THE TASK:
Exact repetition of a range: find the line containing "แม้ ผลบอลสด จะลงเอยแบบจืด" and the line containing "Transparenti na prosvjedu" in the material below, then repeat both and all lines between them, leaving pictures out.

DATASET SECTION:
*** Block opens ***
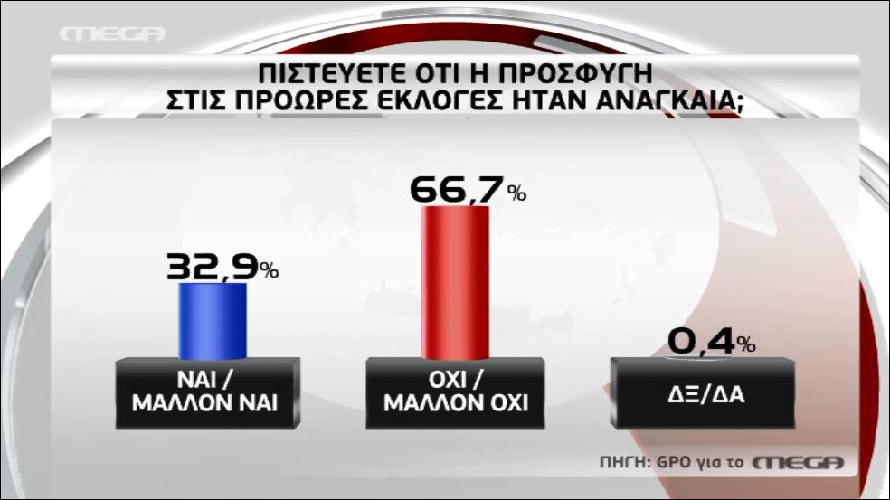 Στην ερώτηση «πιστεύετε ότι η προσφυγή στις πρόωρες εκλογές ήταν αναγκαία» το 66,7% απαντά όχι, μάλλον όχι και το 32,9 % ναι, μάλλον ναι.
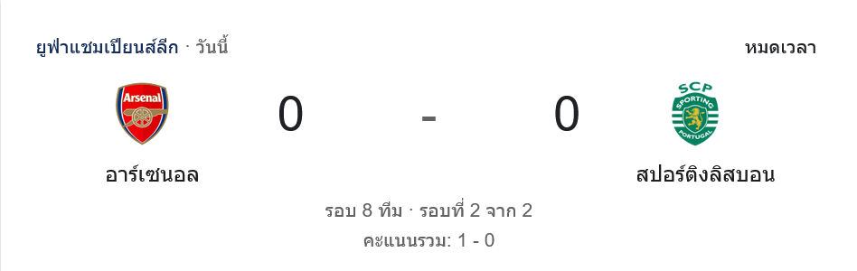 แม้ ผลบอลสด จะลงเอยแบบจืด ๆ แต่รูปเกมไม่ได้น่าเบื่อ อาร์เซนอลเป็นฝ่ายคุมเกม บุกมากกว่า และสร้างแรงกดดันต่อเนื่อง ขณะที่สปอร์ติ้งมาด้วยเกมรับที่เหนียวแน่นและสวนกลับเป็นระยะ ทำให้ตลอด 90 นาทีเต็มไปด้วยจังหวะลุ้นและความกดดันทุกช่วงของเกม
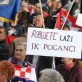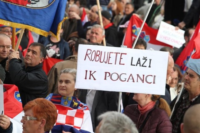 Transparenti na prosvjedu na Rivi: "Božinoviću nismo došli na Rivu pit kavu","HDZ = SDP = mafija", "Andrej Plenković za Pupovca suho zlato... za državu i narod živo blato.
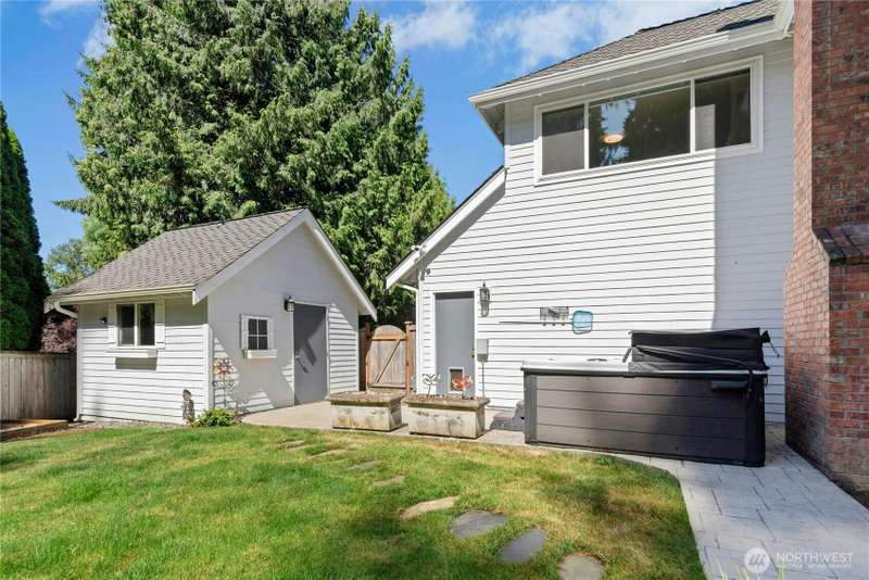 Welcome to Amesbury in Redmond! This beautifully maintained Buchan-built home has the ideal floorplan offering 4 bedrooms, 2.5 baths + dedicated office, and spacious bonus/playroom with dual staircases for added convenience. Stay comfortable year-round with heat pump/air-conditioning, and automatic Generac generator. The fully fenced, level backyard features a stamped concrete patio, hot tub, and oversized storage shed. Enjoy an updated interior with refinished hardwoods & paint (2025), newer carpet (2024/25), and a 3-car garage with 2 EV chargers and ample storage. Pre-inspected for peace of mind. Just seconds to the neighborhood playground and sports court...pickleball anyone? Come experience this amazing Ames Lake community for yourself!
*** Block closes ***
RESULT:
 แม้ ผลบอลสด จะลงเอยแบบจืด ๆ แต่รูปเกมไม่ได้น่าเบื่อ อาร์เซนอลเป็นฝ่ายคุมเกม บุกมากกว่า และสร้างแรงกดดันต่อเนื่อง ขณะที่สปอร์ติ้งมาด้วยเกมรับที่เหนียวแน่นและสวนกลับเป็นระยะ ทำให้ตลอด 90 นาทีเต็มไปด้วยจังหวะลุ้นและความกดดันทุกช่วงของเกม
 Transparenti na prosvjedu na Rivi: "Božinoviću nismo došli na Rivu pit kavu","HDZ = SDP = mafija", "Andrej Plenković za Pupovca suho zlato... za državu i narod živo blato.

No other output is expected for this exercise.